__Recorded information__:

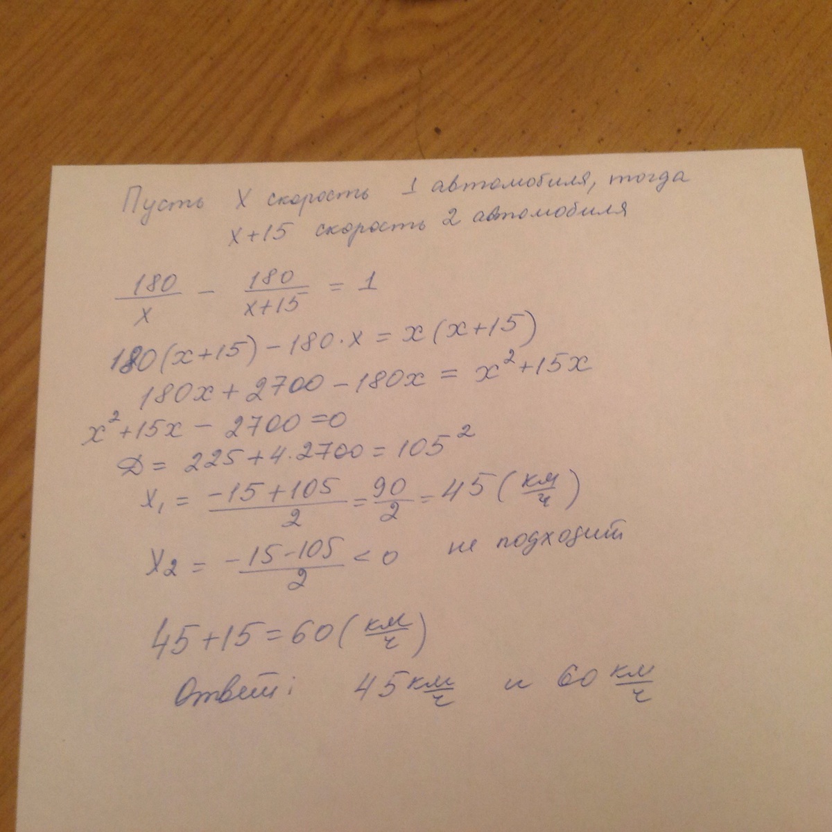из одного города в другой, расстояние между которыми 180 км, выехали одновременно два автомобиля. Так как скорость одного автомобиля на 15 км в час больше
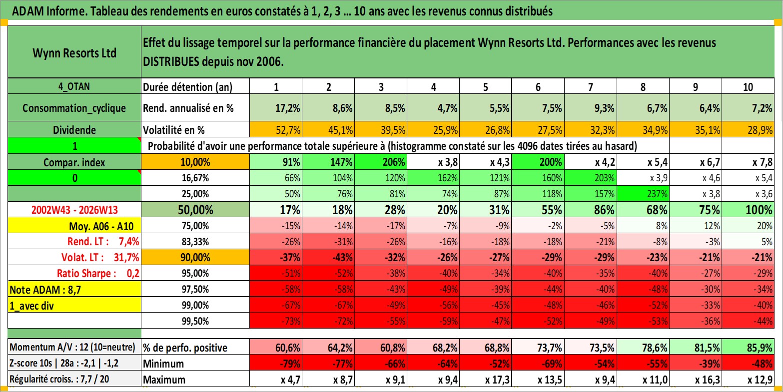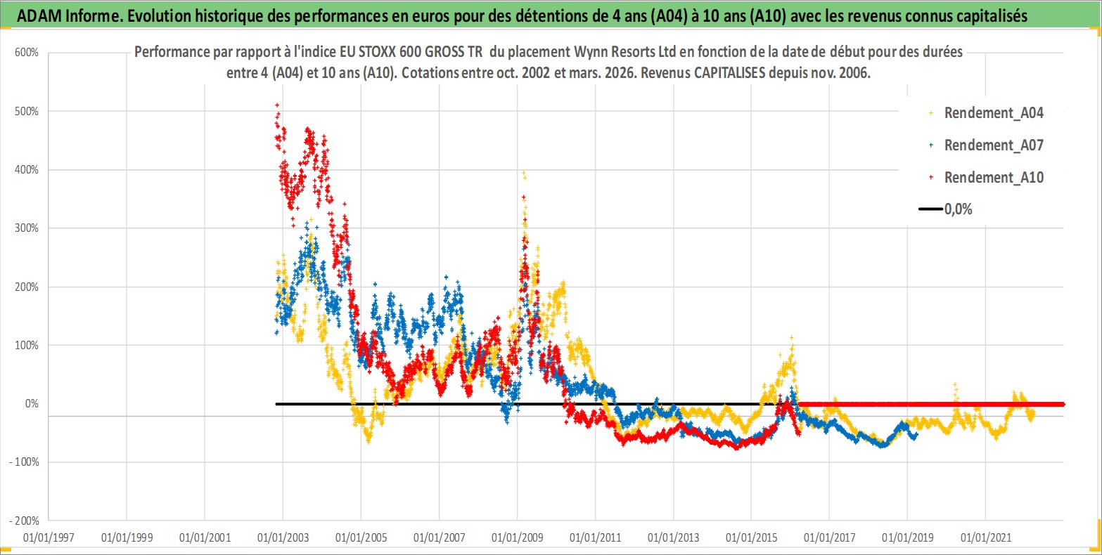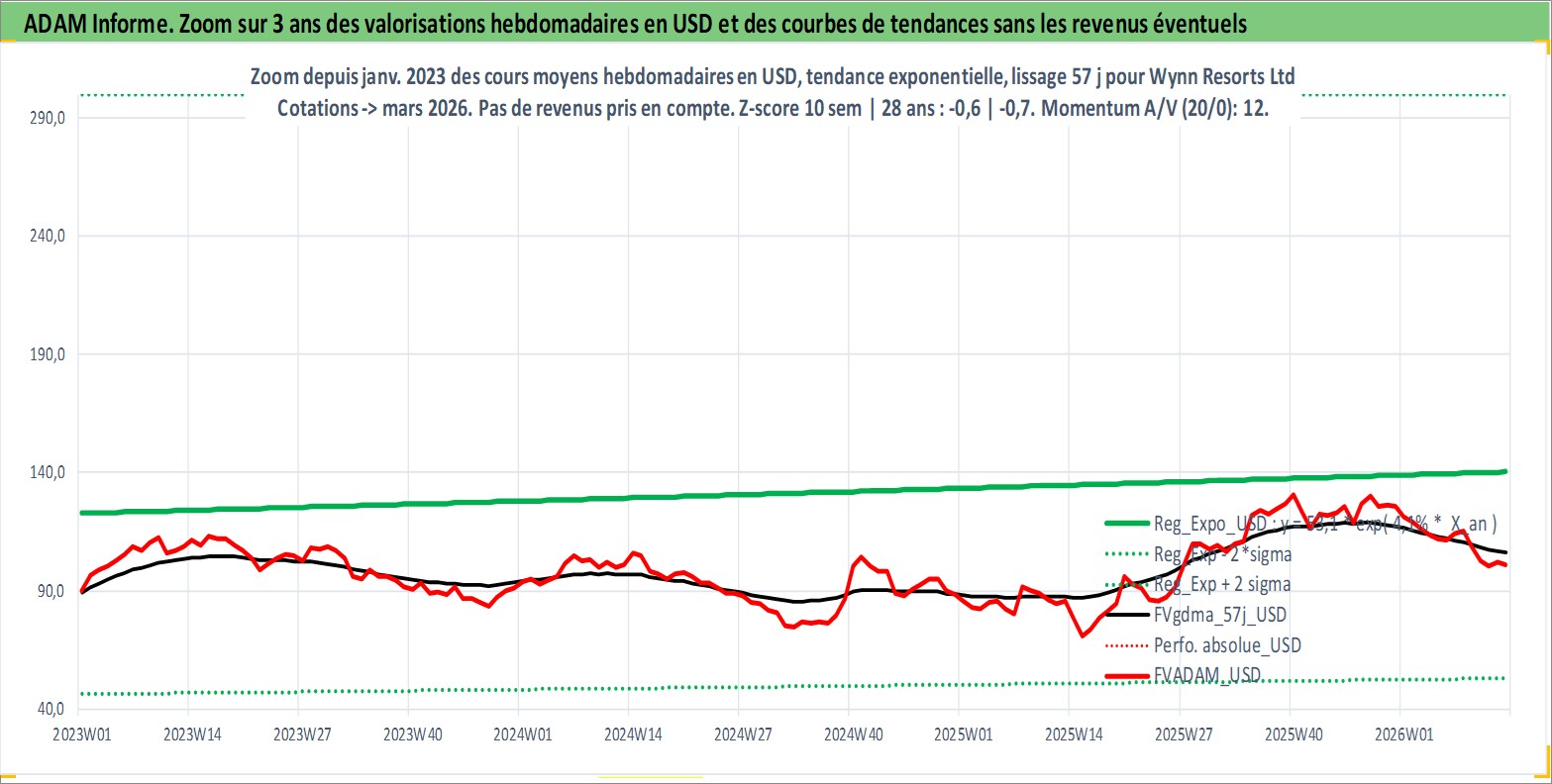 Site dédié aux investisseursPage dédiée sur site financeAnalyse des valorisations hebdomadaires de l'action Wynn Resorts Ltd. Cet actif est cote en USD. Les valorisations sont en contrevaleur EURO et couvrent les semaines 2002W43 a 2026W13. Les revenus de cet actif financier sont pris en compte depuis la semaine 2006W47. La note globale ESG de cet actif est estimee a 7.0 (apres rebasage entre 0 et 20).
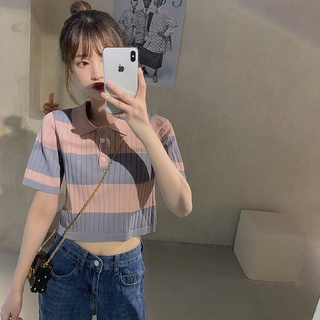 SUXI Áo croptop dệt kim tay ngắn cổ bẻ dáng ôm kẻ sọc thời trang mùa hè cho nữ
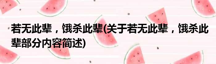 若无此辈,饿杀此辈(关于若无此辈,饿杀此辈部分内容简述)

__Prompt__:
Please reproduce the listing exactly, leaving out any pictures.

__The completed task__:
из одного города в другой, расстояние между которыми 180 км, выехали одновременно два автомобиля. Так как скорость одного автомобиля на 15 км в час больше
 Site dédié aux investisseursPage dédiée sur site financeAnalyse des valorisations hebdomadaires de l'action Wynn Resorts Ltd. Cet actif est cote en USD. Les valorisations sont en contrevaleur EURO et couvrent les semaines 2002W43 a 2026W13. Les revenus de cet actif financier sont pris en compte depuis la semaine 2006W47. La note globale ESG de cet actif est estimee a 7.0 (apres rebasage entre 0 et 20).
 SUXI Áo croptop dệt kim tay ngắn cổ bẻ dáng ôm kẻ sọc thời trang mùa hè cho nữ
 若无此辈,饿杀此辈(关于若无此辈,饿杀此辈部分内容简述)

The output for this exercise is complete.